Marco Maugeri, Professor of Commercial Law at Roma Tre University, whilst acknowledging the difficulty of reconciling the age-old conflict between the protection of the company and that of the investor, pointed out that the primary driver of a market remains the business idea. As for the reported risk linked to the exit price (based on the average of the last six months), he believes this is merely a minimum starting price: it will be up to the independent directors, by virtue of their fiduciary duties, to negotiate and ensure that the company’s objective value is reflected in order to protect minority shareholders. He also called on institutional investors to be more proactive, coordinating their efforts and voting against resolutions at general meetings if they consider the prices to be inappropriate.

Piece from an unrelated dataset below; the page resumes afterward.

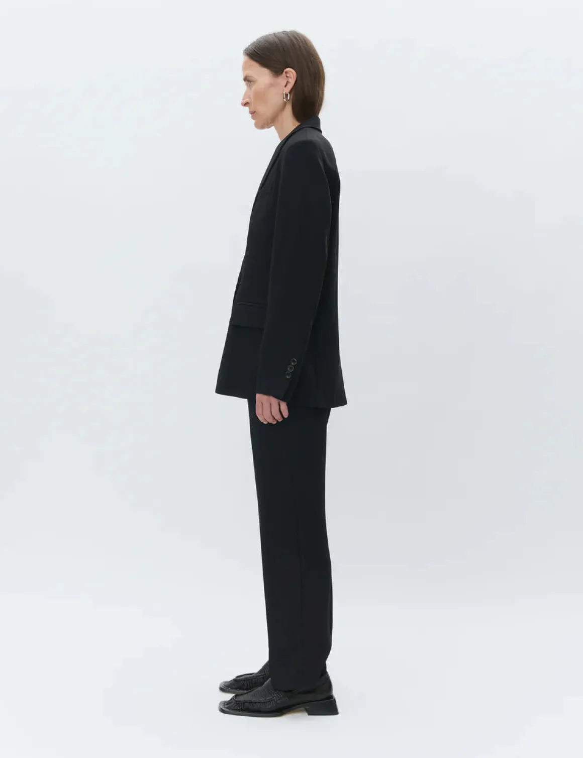 - single button closure, patch pockets in the front, and pockets at the chest and interior

Setting aside differences of interpretation regarding defensive mechanisms, within a regulatory landscape which, according to the FinGov research, structurally struggles to attract entrepreneurs and capital, the FinGov analysis concludes with a concrete appeal. Belcredi has, in fact, drawn up a minimum emergency agenda comprising three essential corrective measures to restore balance to the reform: eliminate the ‘two-step’ opt-in system to nip conflicts of interest in the bud; remove the possibility of reducing the quorum for extraordinary general meetings to 50 per cent of those present; and, finally, ensure that minority shareholders are always guaranteed representation on the Board of Directors. Three lifelines to try to halt the falling water level at Piazza Affari.